Le nouveau gouvernement de M. Netanyahou, composé d'une coalition d'extrémistes religieux et nationalistes de droite, incarne ces tendances. Ses membres se targuent d'avoir pour mission de créer un nouvel Israël à leur image : moins libéral, plus religieux et plus enclin à tolérer la discrimination à l'encontre des non-Juifs. M. Netanyahou a écrit qu'« Israël n'est pas l'État de tous ses citoyens », mais plutôt « celui du peuple juif et de lui seul ». L'homme qu'il a nommé ministre de la sécurité nationale, Itamar Ben-Gvir, a déclaré que Gaza devait être « à nous » et que « les Palestiniens peuvent aller en Arabie saoudite ou dans d'autres endroits comme l'Irak ou l’Iran ». Cette vision extrémiste est partagée depuis longtemps par au moins une minorité d'Israéliens et est fortement ancrée dans la pensée et la pratique sionistes. Elle a commencé à faire des adeptes peu après l'occupation par Israël des territoires palestiniens lors de la guerre de 1967. Et bien qu'il ne s'agisse pas encore d'un point de vue hégémonique, il peut plausiblement revendiquer une majorité de la société israélienne et ne peut plus être considéré comme une position marginale.

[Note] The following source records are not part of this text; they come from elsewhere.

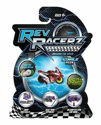 Unleash the speed with Rev Racerz! Choose your design, rev it up, and release your bike! Watch the bikes reach scale speeds of up to 450km with the push power motor! Race, jump, spin and perform awesome stunts. Age 4 +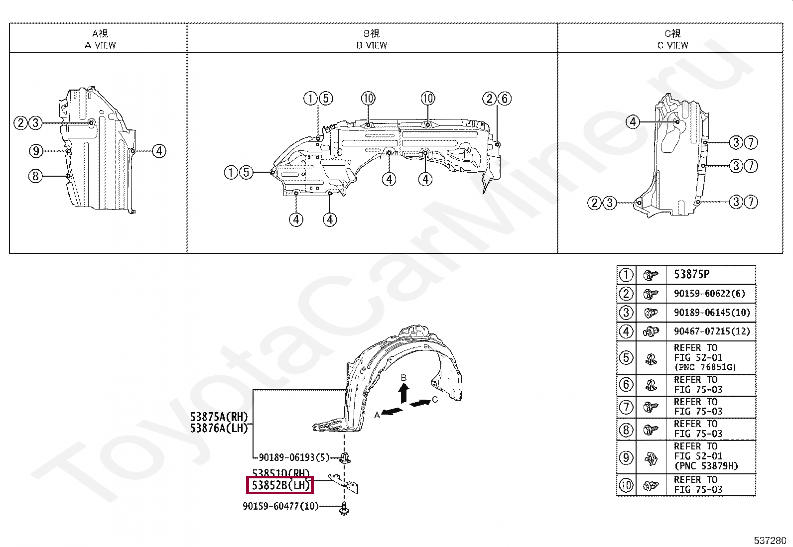 53852-F4010, Брызговик переднего левого подкрылка, передний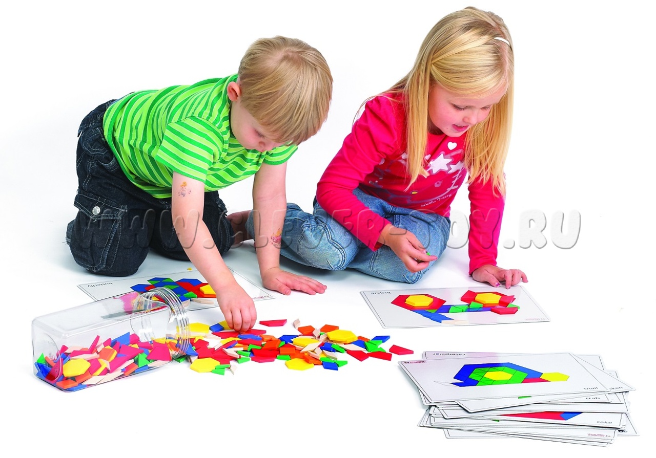 Можно приобрести набор мозаичных элементов Pattern Blocks дополнительно к игровому набору GeoLand.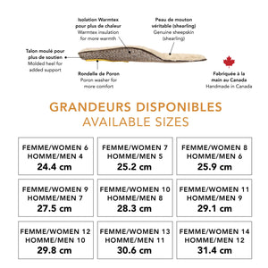 Our genuine sheepskin insulating sole (shearling) is the very definition of the word "comfort". Made entirely in Canada, it has been designed to add softness and warmth to all models of winter boots on the market. Natural wool, in addition to being soft, naturally repels moisture to keep feet warm and dry. An additional layer of insulation has been added thanks to a technological fiber membrane called Warmtex. Its molded heel offers more support with a Poron washer for even more comfort. What more could you ask for?
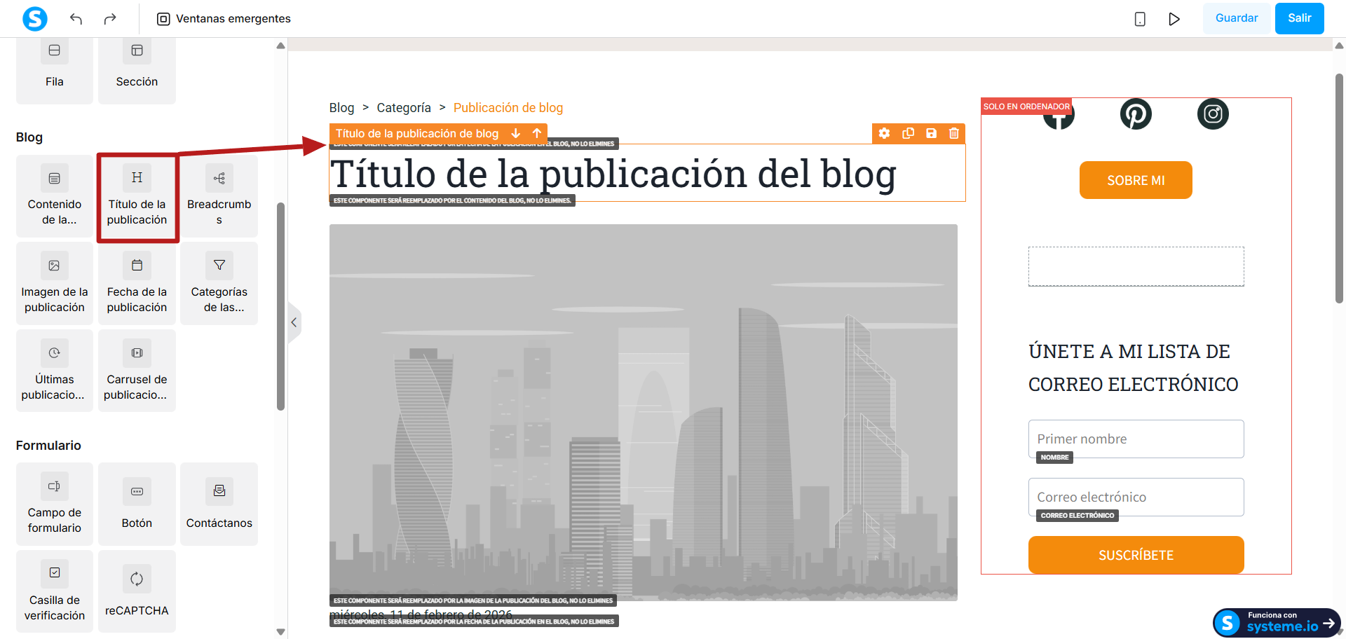 2. Título de la publicación de blog: Este elemento será reemplazado automáticamente por el título de la publicación.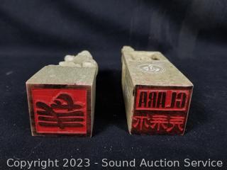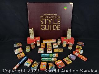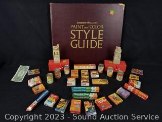 Lot #0208: Miniature Grocery Cartons, Stone Oriental Stamps, Paint & Color Style Guide

La réalité d'un État unique est depuis longtemps évidente pour ceux qui vivent en Israël et dans les territoires qu'il contrôle, ainsi que pour tous ceux qui ont prêté attention à l'évolution inexorable de la situation sur le terrain. Ces dernières années, quelque chose a changé, il faut le dire. Jusqu'à récemment, la réalité de l'État unique était rarement reconnue par les acteurs importants, et ceux qui exprimaient cette vérité à voix haute étaient ignorés ou punis pour cela. Cependant, avec une rapidité remarquable, l'inavouable est devenu proche de la sagesse conventionnelle.